Por Dios, ¡qué fea es la ciudad de Ilium!
“Por Dios —dice Bokonon—, ¡qué fea es toda ciudad!”.
Caía aguanieve a través de un inmóvil manto de niebla. Era de madrugada. Yo viajaba en el sedán Lincoln del doctor Asa Breed. Estaba descompuesto, todavía bajo los efectos de la borrachera de la noche anterior. El doctor Breed conducía. Las ruedas del coche se enganchaban en los rieles de un sistema de tranvías abandonado tiempo atrás.
Breed era un viejo de color rosado, muy próspero, vestido con elegancia. Se veía civilizado, optimista, competente, sereno. En contraste, yo me sentía desaliñado, enfermo, cínico. Había pasado la noche con Sandra.
Mi alma apestaba como el humo de la pelambre de un gato en llamas.
Pensaba lo peor de todo el mundo, y sabía algunas cosas bastante sórdidas sobre el doctor Asa Breed, cosas que me había contado Sandra.
Sandra me dijo que en Ilium todos creían que el doctor Breed había estado enamorado de la esposa de Felix Hoenikker. Me dijo que la mayoría de la gente pensaba que Breed era el padre de los tres hijos de los Hoenikker.
—¿Usted conoce Ilium? —me preguntó.
—Es mi primera visita.
—Es un pueblo de familias.
—¿A qué se refiere?
—No hay mucha vida nocturna. La vida de todos se centra en su familia y su hogar.
—Parece muy sano.
—Lo es. Tenemos muy poca delincuencia juvenil.
—Estupendo.
—Ilium tiene una historia muy interesante, además.
—Eso es muy interesante.
—Era el trampolín.
—¿A qué se refiere?
—Para la migración hacia el Oeste.
—Ah.
—La gente se aprovisionaba aquí.
—Eso es muy interesante.
—El lugar donde ahora está el laboratorio era la vieja cárcel. Allí también realizaban los ahorcamientos públicos de todo el condado.

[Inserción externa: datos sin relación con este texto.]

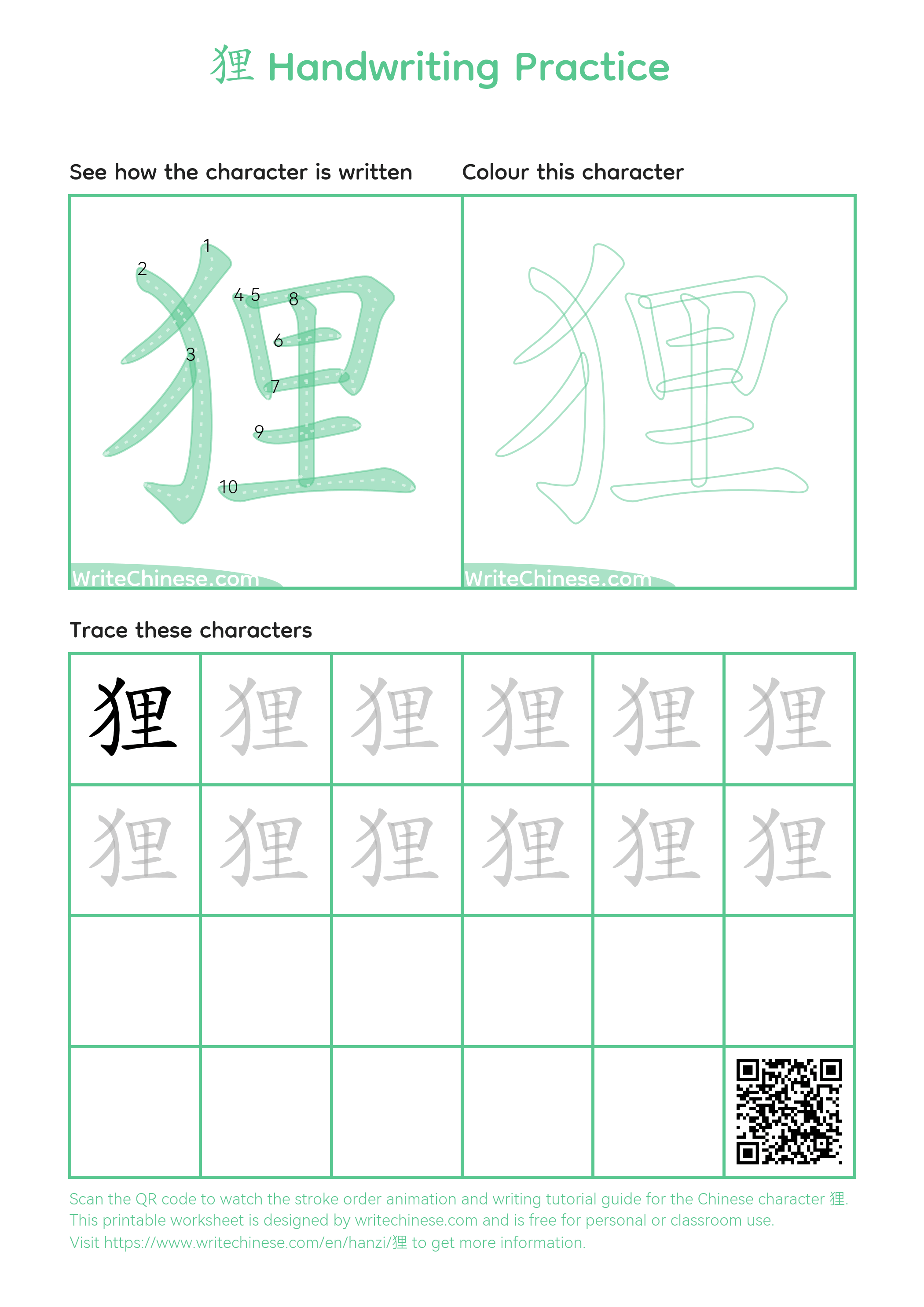 Chinese Character '狸'. You can download the printable handwriting worksheets below and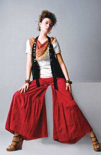 时尚穿着搭配亮点:充满异域风情的围巾让人心驰神往,但是谁能服装厂它却是时下最流行的连t款。搭配挂脖坎肩更是体现出不羁风情。让人热情高涨的高饱和度色彩红色裤装更是服装的点睛之笔,夸张的裤形让人分不清是裙子还是裤子,搭配镂空裹脚高跟鞋,非洲气息更加奔放热烈。

—Supongo que en ese entonces el crimen terminaba mal, igual que ahora.
—En 1782 colgaron a un hombre que había matado a veintiséis personas. Muchas veces pensé en escribir un libro sobre él. George Minor Moakely. Cantó una canción en el cadalso. Cantó una canción que había compuesto para esa ocasión.
—¿Sobre qué era la canción?
—Puede encontrar la letra en la Sociedad Histórica, si le interesa de veras.